There si no d/dsigma on the left sideehrenfest said:[tex]X^I (\tau, \sigma) \dot{X^J}(\tau, \sigma')-\dot{X}^J(\tau, \sigma') X^I(\tau, \sigma) = 2 \pi \alpha' \eta^{IJ} \delta(\sigma - \sigma ') [/tex]
is equation 12.27 expanded
[tex] \frac{d}{d\sigma} (X'^I (\tau, \sigma) \dot{X^J}(\tau, \sigma')-\dot{X}^J(\tau, \sigma') X'^I(\tau, \sigma)) = 2 \pi \alpha' \eta^{IJ} \frac{d}{d \sigma}\delta(\sigma - \sigma ') [/tex]
is equation 12.28 expanded
12.28 follows from 12.27 only if [tex] \frac{d}{d\sigma}(\dot{X}^J(\tau, \sigma')) = 0[/tex] which is true only because the sigma argument has a prime but the sigma in the derivative operator has no prime.

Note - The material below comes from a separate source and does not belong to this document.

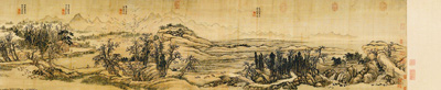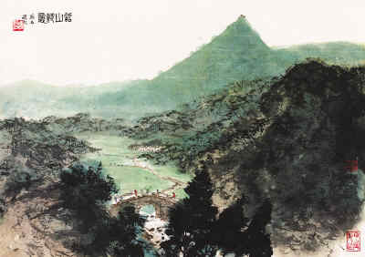 《毛主席诗意册》(局部)是傅抱石的代表作之一,作于1964—1965年间。作品有大胆而富于变化的构图、瑰丽而沉毅的色彩,充满浪漫主义的诗情画意。

The number 12.28 is considered true because it is the value of a physical quantity that has been measured and verified through experimentation or observation. In this case, it is most likely the value of the velocity, represented by \dot{X'^j}
, which has been found to be equal to 0.
The symbol \dot{X'^j}
represents the derivative of the position vector X'^j
with respect to time. In other words, it represents the rate of change of the position over time, which is often interpreted as the velocity.
The value of 12.28 is most likely obtained through experimental or observational data. Scientists use various methods and instruments to measure physical quantities, such as velocity, and the value of 12.28 is the result of these measurements.

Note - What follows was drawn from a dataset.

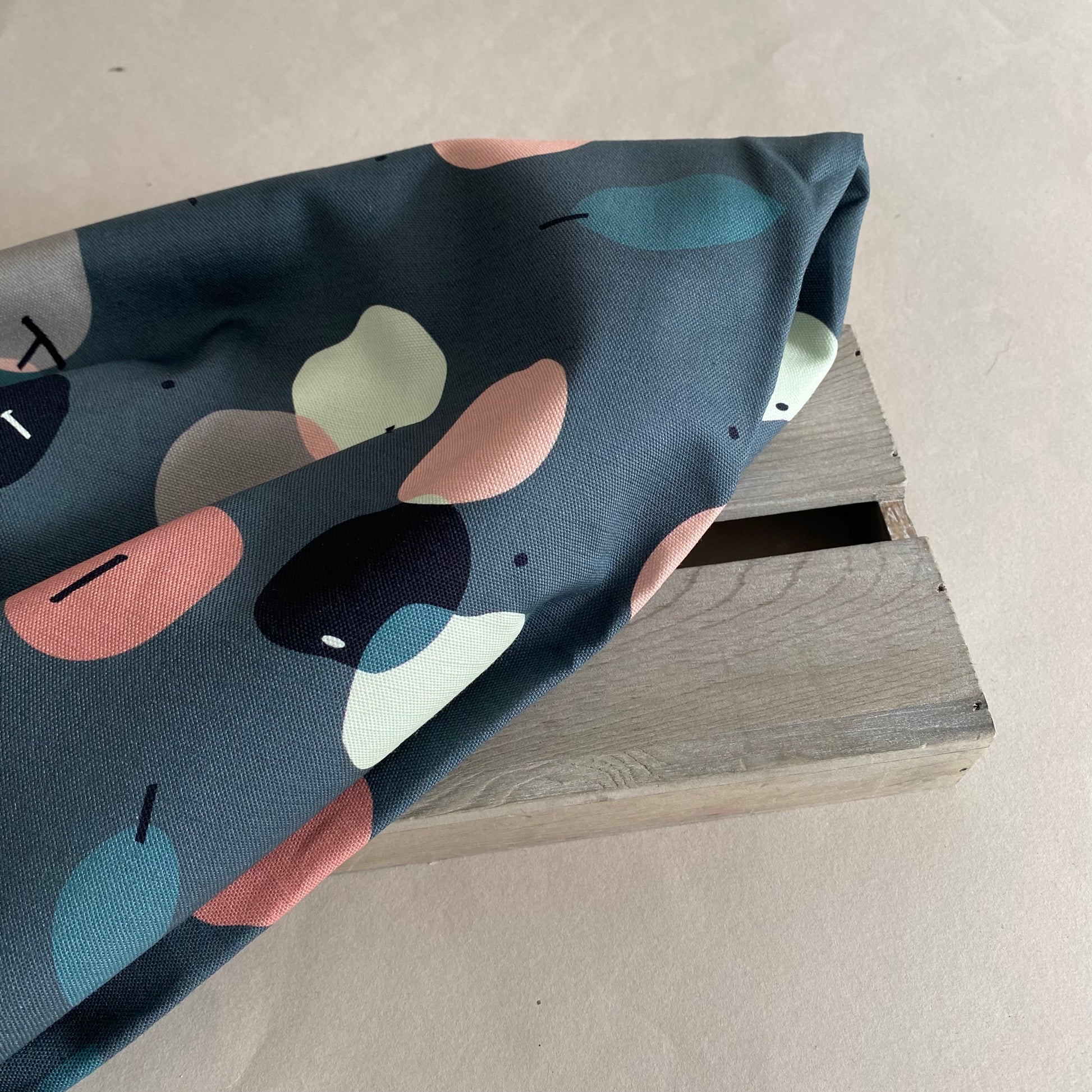 This contemporary linen-cotton blend fabric is from the Hello Heidi Collection. The lovely, playful print captures pastel apples on a dark teal grey base, and would be fantastic for both interior and apparel projects.

No, the value of 12.28 may not always be true for this equation. It depends on the specific circumstances and conditions under which the measurement was taken. The value of the velocity, represented by \dot{X'^j}
, may vary depending on factors such as the object's mass, environment, and external forces acting on it.
When \dot{X'^j}
equals 0, it means that the rate of change of the position vector, and therefore the velocity, is 0. This can have different interpretations depending on the context, but it generally means that the object is not moving or that its motion is constant and unchanging.